Both push_back and emplace_back have what is called "amortized constant time" performance. To see what this means, consider what would happen to a naive vector if you call v.emplace_back() a hundred times in a row. With each call, the vector needs to get just a little bit bigger; so it reallocates its underlying array and moves all v.size() elements from the old array to the new one. Soon you'd be spending more time copying old data from place to place than you're spending actually "pushing back" new data! Fortunately, std::vector is smart enough to avoid this trap. Whenever an operation such as v.emplace_back() causes reallocation, the vector won't make room for just capacity() + 1 elements in the new array; it will make room for k * capacity() elements (where k is 2 for libc++ and libstdc++, and approximately 1.5 for Visual Studio). So, although reallocation gets more and more expensive as the vector grows, you do fewer and fewer reallocations per push_back--and so the cost of a single push_back is constant, on average.

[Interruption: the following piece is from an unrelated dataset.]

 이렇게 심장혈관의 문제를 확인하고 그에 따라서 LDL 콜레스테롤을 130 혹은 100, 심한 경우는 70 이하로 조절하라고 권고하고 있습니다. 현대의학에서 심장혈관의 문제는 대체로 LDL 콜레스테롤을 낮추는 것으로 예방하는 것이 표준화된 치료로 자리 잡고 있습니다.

This trick is known as geometric resizing.

vec.insert(it, t) adds an item into the middle of the vector, at the position indicated by the iterator it. If it == vec.end(), then this is equivalent to push_back; if it == vec.begin(), then this is a poor man's version of push_front. Notice that, if you insert anywhere but the end of the vector, all the elements after the insertion point in the underlying array will get shifted over to make room; this can be expensive.

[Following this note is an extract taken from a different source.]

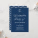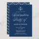 Marinho azul e branco convite para festas de formatura da escola de direito apresentando um roteiro elegante com um padrão de chevron. Este convite está disponível em outras cores.

There are several different overloads of .insert(). Generally speaking, none of these will be useful to you, but you might want to be aware of them in order to interpret the cryptic error messages (or cryptic runtime bugs) that will show up if you accidentally provide the wrong arguments to .insert() and overload resolution ends up picking one of these instead of the one you expected:

    std::vector<int> v = {1, 2};
    std::vector<int> w = {5, 6};

    // Insert a single element.
    v.insert(v.begin() + 1, 3);
    assert((v == std::vector{1, 3, 2}));

    // Insert n copies of a single element.
    v.insert(v.end() - 1, 3, 4);
    assert((v == std::vector{1, 3, 4, 4, 4, 2}));

    // Insert a whole range of elements.
    v.insert(v.begin() + 3, w.begin(), w.end());
    assert((v == std::vector{1, 3, 4, 5, 6, 4, 4, 2}));

    // Insert a braced list of elements.
    v.insert(v.begin(), {7, 8});
    assert((v == std::vector{7, 8, 1, 3, 4, 5, 6, 4, 4, 2}));

vec.emplace(it, args...) is to insert as emplace_back is to push_back: it's a perfect-forwarding version of the C++03 function. Prefer emplace and emplace_back over insert and push_back, when possible.

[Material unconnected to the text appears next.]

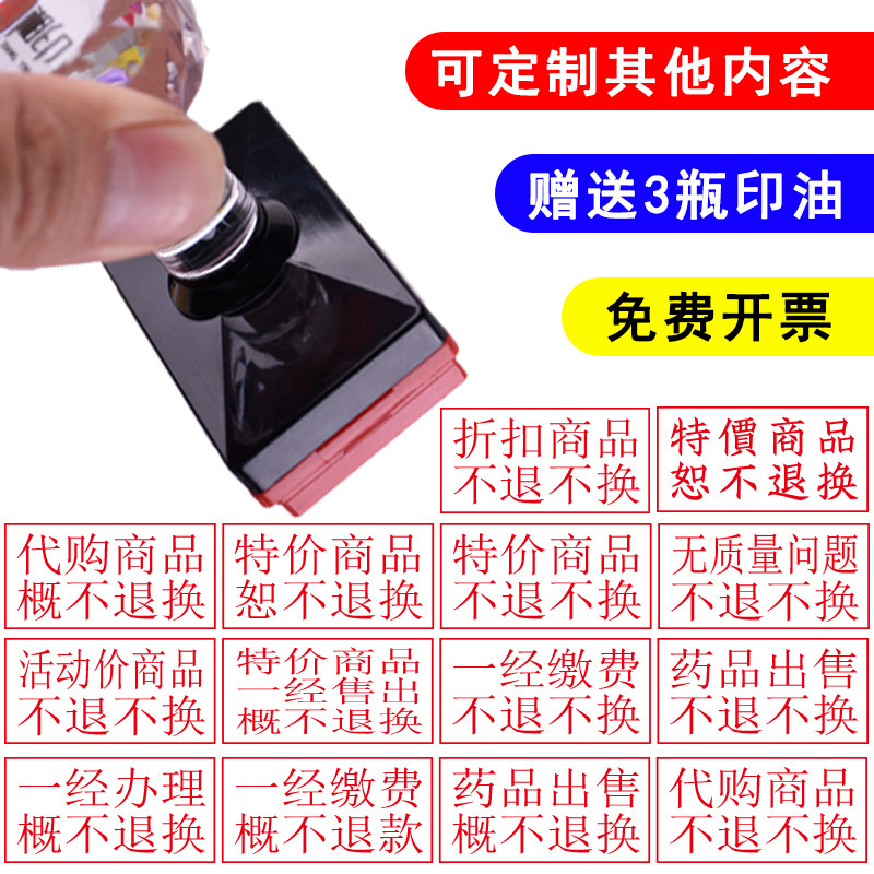 代购商品不退不换特价商品贵重商品一经办理缴费概换退款光敏印章活动特价商品药品售出定制定金概换章印定制

vec.erase(it) erases a single item from the middle of a vector, at the position indicated by the iterator it. There's also a two-iterator version, vec.erase(it, it), which erases a contiguous range of items. Notice that this two-iterator version is the same one we used in the erase-remove idiom in the previous chapter.

To delete just the last element from the vector, you could use either vec.erase(vec.end()-1) or vec.erase(vec.end()-1, vec.end()); but since this is a common operation, the standard library provides a synonym in the form of vec.pop_back(). You can implement a dynamically growable stack using nothing more than the push_back() and pop_back() methods of std::vector.